─── DATASET EXCERPT

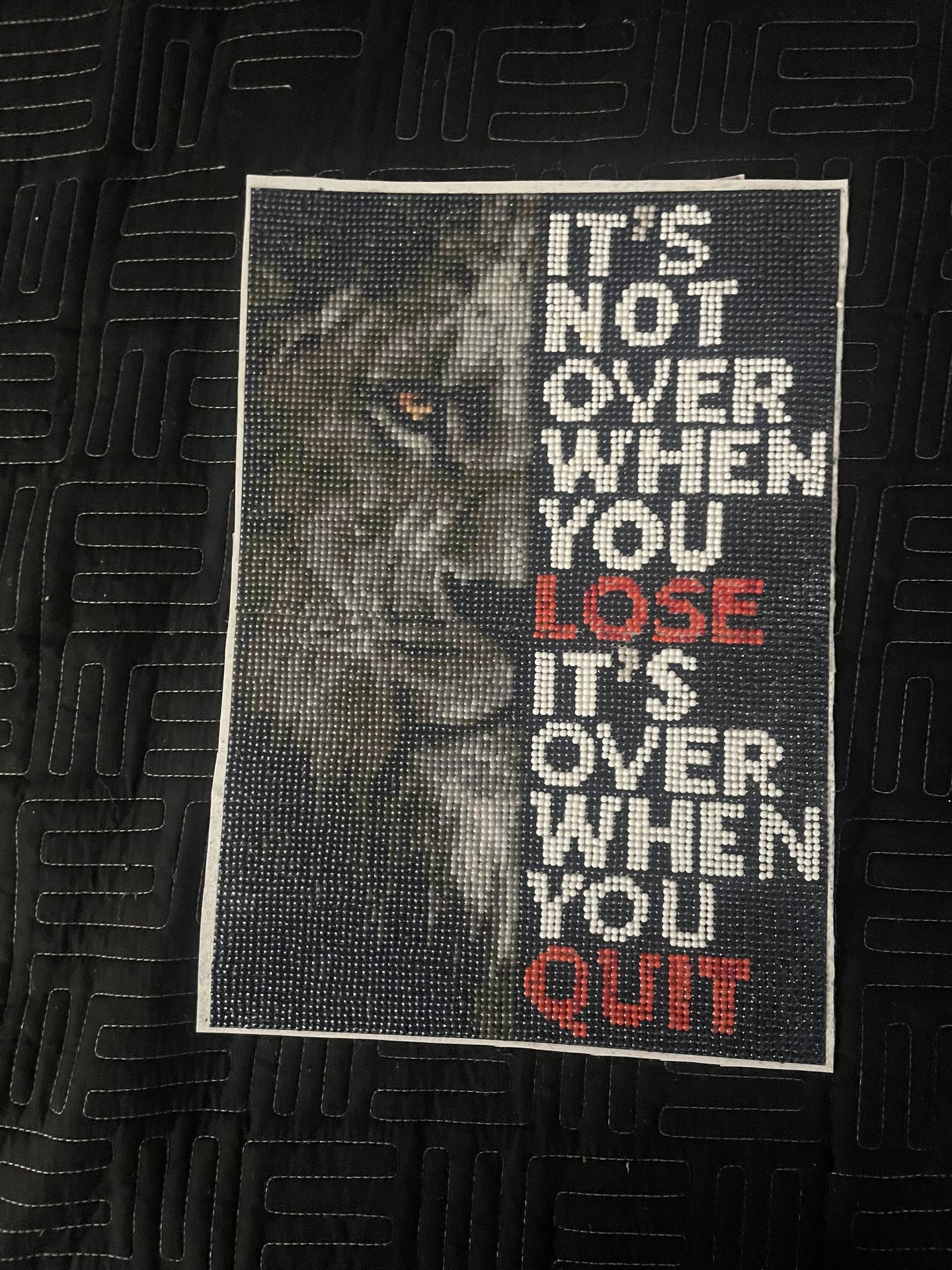 Canvas art with motivational quote and lion image. Finished Diamond art with a great saying on it great for motivation asking 30 obo. Coated with gloss finish
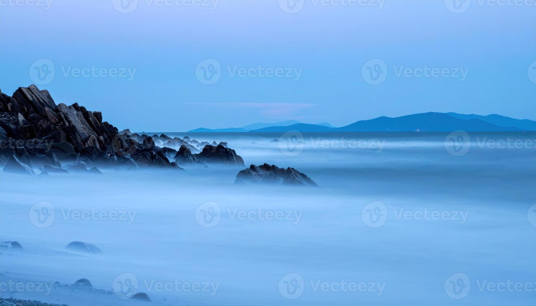 Coast fog rolling over dark sea at blue hour gentle gradient with upper third empty for text calm minimal seascape Pro Photo
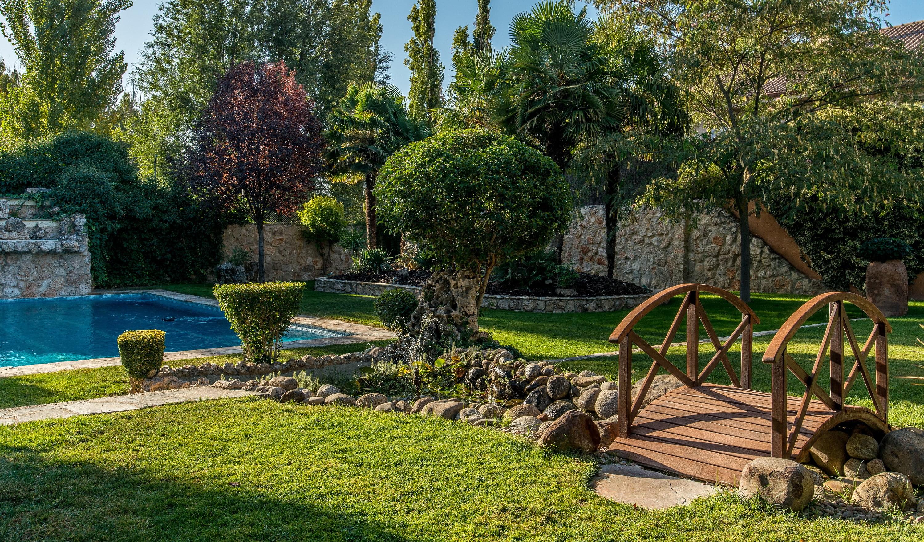 - Двора с парковка для 4 автомобилей, сада, бассейн из природного камня, реки с рыбами, водопада, 3 деревянными мостами, пальмовым островом, кактусами и фруктовыми деревьями, зоны для барбекю, нескольких каминов.

──────

* REQUIRED ACTION
Write out the line that contains "Coast fog rolling" and every line after it to the end of the data, exactly as they stand. Omit the pictures.

* TASK SOLUTION
 Coast fog rolling over dark sea at blue hour gentle gradient with upper third empty for text calm minimal seascape Pro Photo
 - Двора с парковка для 4 автомобилей, сада, бассейн из природного камня, реки с рыбами, водопада, 3 деревянными мостами, пальмовым островом, кактусами и фруктовыми деревьями, зоны для барбекю, нескольких каминов.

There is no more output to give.